Check Hard drive for bad sectors or bad blocks in linux

7 Responses

  1. David Wood says:

    don’t you need to make sure the blocks are not allocated to a file or swap etc?

  2. Bernardo Verda says:

    Don’t modern harddrives already have all this already — as built in functionality?

    (access via smartctl)

    $ apropos smartctl
    smartctl (8) – Control and Monitor Utility for SMART Disks

  3. Виктор says:

    From time to time, it is a good practice to check your hard drive for errors using Windows CHKDSK or Check Disk.

  4. deco says:

    This has given me an idea of creating this script

    for disc in `fdisk -l | grep ‘^/’ | awk ‘{ print $1 }’`; do
    badblocks -v $disc > “$target”
    tam=$(du -k “$target” | cut -f 1)
    if [ $tam -eq $minsize ]; then
    echo “no badblocks on $disc”
    echo “badblock(s) found(s) on $disc”

  5. cipher says:

    You don’t need to run badblocks first. That’s a waste of time. Just use the e2fsck executable to run it for you with the -c option…
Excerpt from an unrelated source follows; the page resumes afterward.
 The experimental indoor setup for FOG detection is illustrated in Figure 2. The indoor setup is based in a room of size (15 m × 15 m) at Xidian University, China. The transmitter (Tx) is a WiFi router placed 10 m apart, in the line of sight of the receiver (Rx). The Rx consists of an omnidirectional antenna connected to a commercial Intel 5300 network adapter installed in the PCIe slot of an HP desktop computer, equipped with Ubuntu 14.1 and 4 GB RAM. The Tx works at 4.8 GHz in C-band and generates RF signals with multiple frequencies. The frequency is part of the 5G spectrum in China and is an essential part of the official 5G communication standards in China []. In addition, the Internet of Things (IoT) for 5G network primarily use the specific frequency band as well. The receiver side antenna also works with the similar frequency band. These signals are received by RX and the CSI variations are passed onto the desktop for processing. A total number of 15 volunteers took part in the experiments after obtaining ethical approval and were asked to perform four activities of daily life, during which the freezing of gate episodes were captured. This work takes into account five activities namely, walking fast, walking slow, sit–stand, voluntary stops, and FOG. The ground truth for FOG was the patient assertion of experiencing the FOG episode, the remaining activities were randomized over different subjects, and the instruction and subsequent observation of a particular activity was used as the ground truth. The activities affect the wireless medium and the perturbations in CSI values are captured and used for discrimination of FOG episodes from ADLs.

    # sudo e2fsck -c /dev/sdb

    This lets you avoid creating an unnecessary file, especially when you’re booting to an optical drive and don’t want to write to the hard drive you’re testing.

  6. Stoat says:


    The ONLY reason you should ever create a bad blocks table is to send commands to the drivbe to tell it to repair the sectors

    ATA and scsi drives are supposed to map out bad blocks. You can force the issue by wirting 0x00 to the sector (or use hdparm–repair-sector)
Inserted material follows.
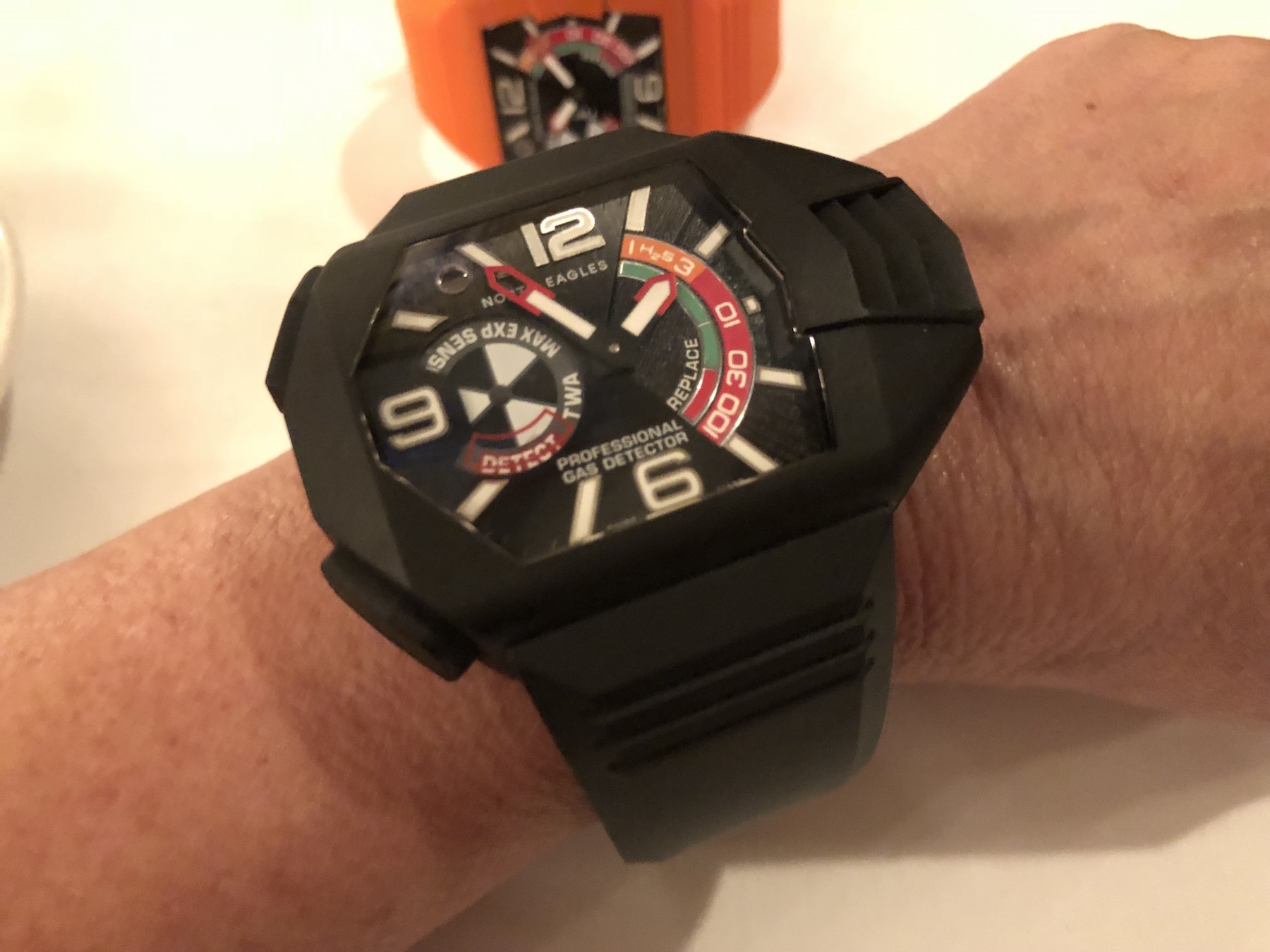 North Eagles H2S Professional Gas Detector watch detects deadly gas and warns the wearer. (Photo: R. Naas)

    Take note of smartctl -A /dev/drive returns – in particular the bad sector (mapped out sectors) and pending sectors (probably bad but not mapped out) values – if the bad sector normalised value (not the raw value) is below the threshold then you need to replace the drive – NOW.
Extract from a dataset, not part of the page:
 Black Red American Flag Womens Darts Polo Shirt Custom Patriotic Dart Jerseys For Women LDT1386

    If you have large numbers of pending bad sectors then you’ll need to identify them and write zeros to them to allow the drive to fix or map them out (perfectly sectors can get marked as pending due to vibration issues, amongst other things).

    Badblocks -svn will do this (unmount the partition first!), or if the partition is trashable/part of a raidset, hdparm –repair-sector and then rescan/reformat afterwards.

    If bad sectors are not being mapped out then the drive needs to be replaced immediately. It’s probably out of spares (you’ll see this with smartctl -A) or about to fail.

  7. techhead says:

    What command just to report sectors or drive health.
    Using an old pata drive that has not been used in some time to run Linux
    peppermint 64x.
    From my experience with windows os’s and smart, one bad sector can trash
    a program or even the entire drive.